— Не может быть, — прошептал он. — Этого просто не может быть!
— Может, Ваня, может. Так что мы сейчас пойдем допросим гражданина Сидорчука на предмет его причастности к убийству неизвестного. Бери телефон, звони, чтобы доставили под конвоем в твой кабинет. Хана господину Сидорчуку. Вот так-то.
Он выслушал ответ, данный на том конце провода, поморщился от непечатного словечка. Потом переспросил:
— Как-как?
И Руслану:
— Выпустили его.
— Как выпустили?! — вскочил со стула тот. — То есть как это выпустили?!
— Под подписку о невыезде. Личным распоряжением прокурора Цыпина.
— Да не может этого быть! — теперь уже закричал Руслан. — Этого просто не может быть!
— Может, Руслан, может. — В трубке были короткие гудки, он положил ее осторожно и с тайным облегчением.
— Так. Пошли к Цыпину, — сказал Руслан. — Такие вещи надо прояснять сразу.
Пожал плечами:
— Только ты успокойся.
— Я спокоен. Спокоен как… — Капитан Свистунов громко скрипнул зубами.
— Удав.
— Во-во. Сволочи, все сволочи! Продают все, на что только находится покупатель. На совесть, так на совесть, на дерьмо собственное найдется — продадут и дерьмо.
— А ты? — тихо спросил он.
— Что я?
— Ты сам? Чистый?
— Не понял, — прищурился Руслан. — Ты на что это намекаешь?
— Ты был в Ржаксах, — не выдержал он.
— Ну, был. Все были.
— Ты был там до того, как убили Хайкина. Не Игната, а того, другого, Василия. Зачем? Ты ездил, искал его. Игната. Зачем?

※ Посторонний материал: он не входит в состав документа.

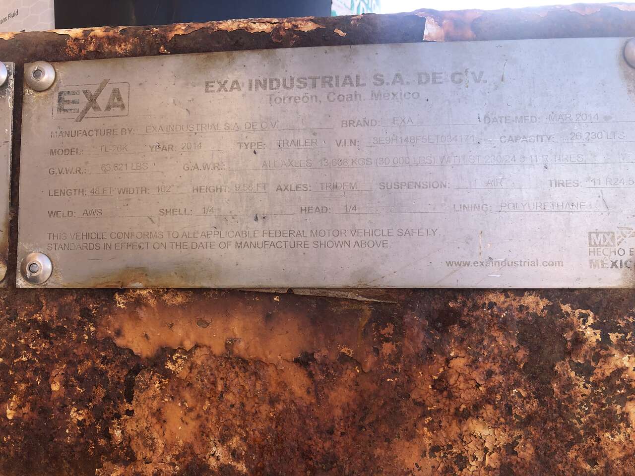 2014 EXA 48' x 102" 165 barrel tank trailer. Has one lift axle and aluminum wheels. Needs sandblasted, repainted, and some interior baffle repair. Asking $8,500, but will entertain offers. Located in Roosevelt, UT

— Вот оно что. Так. — Руслан вдруг подошел к двери, открыл ее, выглянул в коридор. Потом закрыл плотно, вернулся, сел на стул. — Пошло, значит, выяснение отношений. Ну и откуда тебе известно про мой прошлогодний летний визит в Ржаксы?
— Какая разница?
— Да, собственно, и никакой. Да, был. Да, искал Игната. Поговорить хотел.
— Поговорил?
— Допустим.
— В тот день, когда его двоюродного брата убили, поговорил? Только никак не пойму: он-то здесь при чем?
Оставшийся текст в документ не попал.